Reference no: EM133218010
Question: If you view this in a spreadsheet, you will find four columns of a small dataset. The first column shows the number of fawn in a given spring (fawn are baby antelope). The second column shows the population of adult antelope, the third shows the annual precipitation that year, and finally the last column shows how bad the winter was during that year.
You have the option of saving the file to your computer and read it into R, or read the data directly from the web into a dataframe.
You should inspect the data using the str() command to make sure all of the cases have been read in (n=8 years of observations) and that there are four variables.
Create bivariate plots of number of baby fawns versus adult antelope population, precipitation that year, and severity of the winter. Your code should produce three separate plots. Make sure the y-axis and x-axis are labeled. Keeping in mind that the number of fawns is the outcome (or dependent) variable, which axis should it go on in your plots?

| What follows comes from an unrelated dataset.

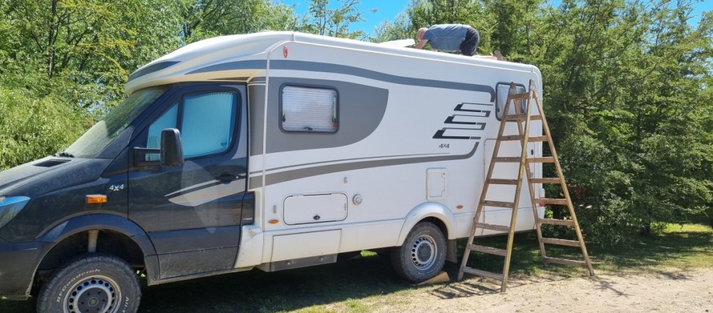 Tijd voor de was, de blog, reparatie dakraam camper en genieten van de idyllische omgeving aan het riviertje met de wit besneeuwde bergen in de achtergrond. Het nieuwe jaar begint goed!

Next, create three regression models of increasing complexity using lm(). In the first model, predict the number of fawns from the severity of the winter. In the second model, predict the number of fawns from two variables (one should be the severity of the winter). In the third model, predict the number of fawns from the three other variables. Which model works best? Which of the predictors are statistically significant in each model? If you wanted to create the most parsimonious model (i.e., the one that did the best job with the fewest predictors), what would it contain?